The overall organization of the research method is given as follows: In this section detailed introduction about the deep neural network and their needs and roles has been given. In “Related Works”, varying related research methodologies that attempt to perform deep neural learning with increased prediction accuracy have been given. In “Non-Gaussian Noise Aware Steganalysis Process”, the proposed research methodology has been discussed in detail along with suitable examples and explanations. In “Results and Discussion”, the experimental evaluation of the proposed research technique has been shown by comparing it with different research techniques. In “Conclusions”, the overall conclusion of the proposed research methodology has been given in terms of various performance metrics related to accuracy evaluation.

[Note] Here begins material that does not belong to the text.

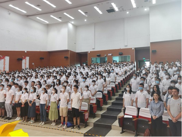 全体奏唱国歌后,谭洪新致辞。谭院长向近800名新生表示了热烈欢迎,并向大家介绍冰球官网、历史沿革、专业设置、学科背景、科研平台等,帮助新生加深对院校的了解。

Non-Gaussian Noise Aware Steganalysis Process

Classification technique provides a more flexible way for steganalysis where the multiple features present in the environment would lead to an inaccurate prediction rate. Here, learning accuracy is improved by introducing noise removal techniques before performing the learning task. Non-Gaussian Noise Removal technique is utilized to remove the noises before learning. And also Gaussian noise removal is applied at every iteration of the neural network to adjust the error rate without the involvement of noisy features. The proposed research method has been implemented in the Matlab environment to make it to adapt the large volume of images using the Hadoop Image Processing Interface (HIPI) that is an image processing public collection designed to be used with the Apache Hadoop MapReduce parallel programing framework. HIPI runs on a cluster that uses MapReduce algorithms to process high-throughput images. HIPI is a solution provider to archive a large collection of images on the Hadoop Distributed File System (HDFS) and make them ready for processing.

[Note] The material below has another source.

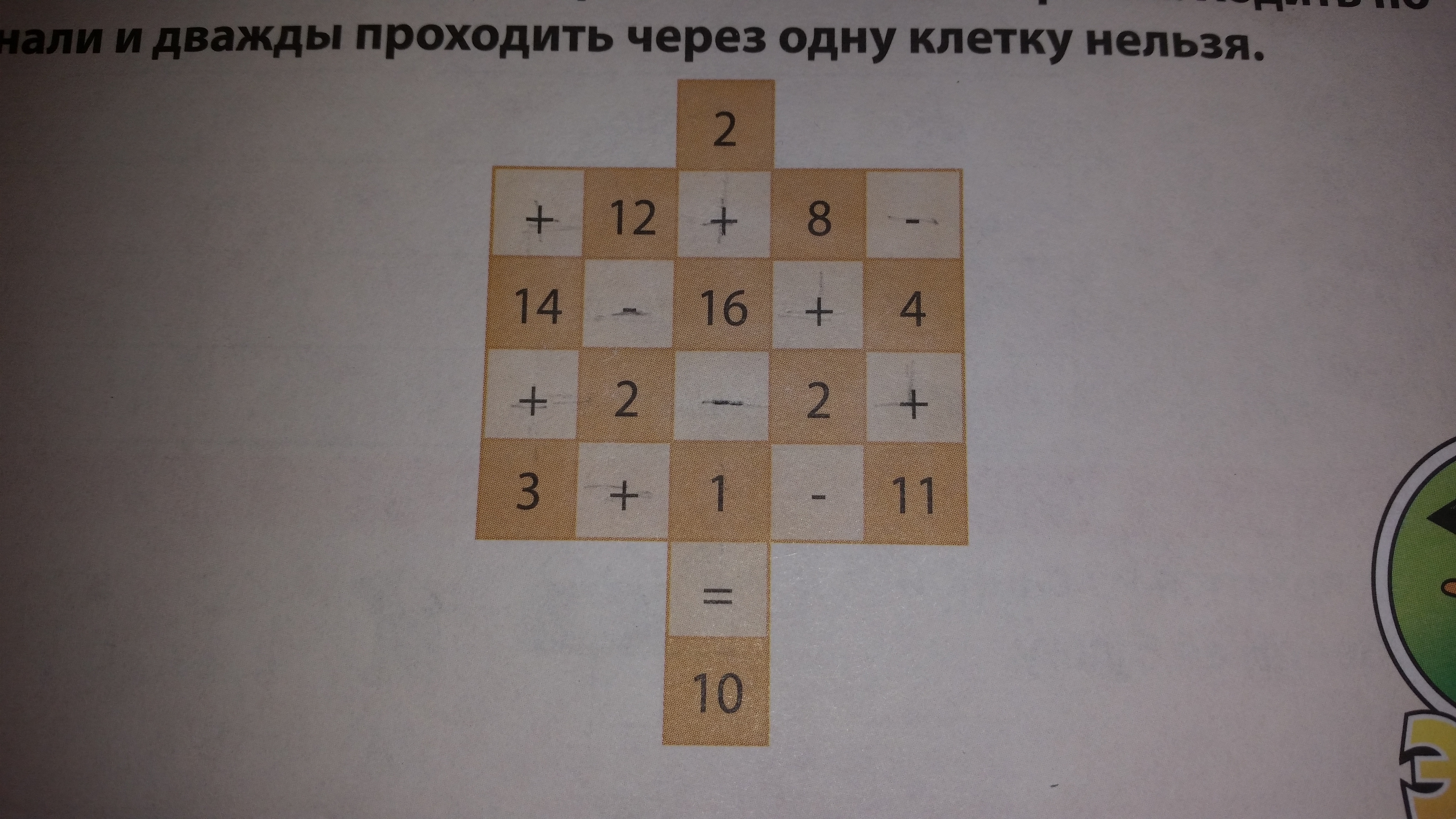 Найди и нарисуй верный путь от верхней клеткис цифрой 2 до нижней клетки с числом 10 так,чтобы равенство было верным.Ходить по диоганали и дважды проходить через одну клетку нельзя.

Figure 1, depicts the processing flow of the proposed research methodology when it is applied to the Hadoop environment. This Fig. 1 only depicts the training process of the learning module whose resultant depicts the knowledge base which indicates the learned feature knowledge. This simulation environment is implemented successfully and the testing phase is in process.

Figure 1: Processing flow of proposed work.

Download full-size image

DOI: 10.7717/peerj-cs.356/fig-1

Non-Gaussian noise aware auto encoder deep neural network

Steganalysis would become a more difficult task in case of the presence of Gaussian noise present on the images which will occur due to poor illumination. These Gaussian noise needs to be avoided first to ensure the accurate steganalysis outcome. Gaussian noise is a noise whose probability density function is equal to the normal pixel of images. It is required to predict the difference between the normal pixel value and Gaussian noised pixel value which is more difficult due to their similarity.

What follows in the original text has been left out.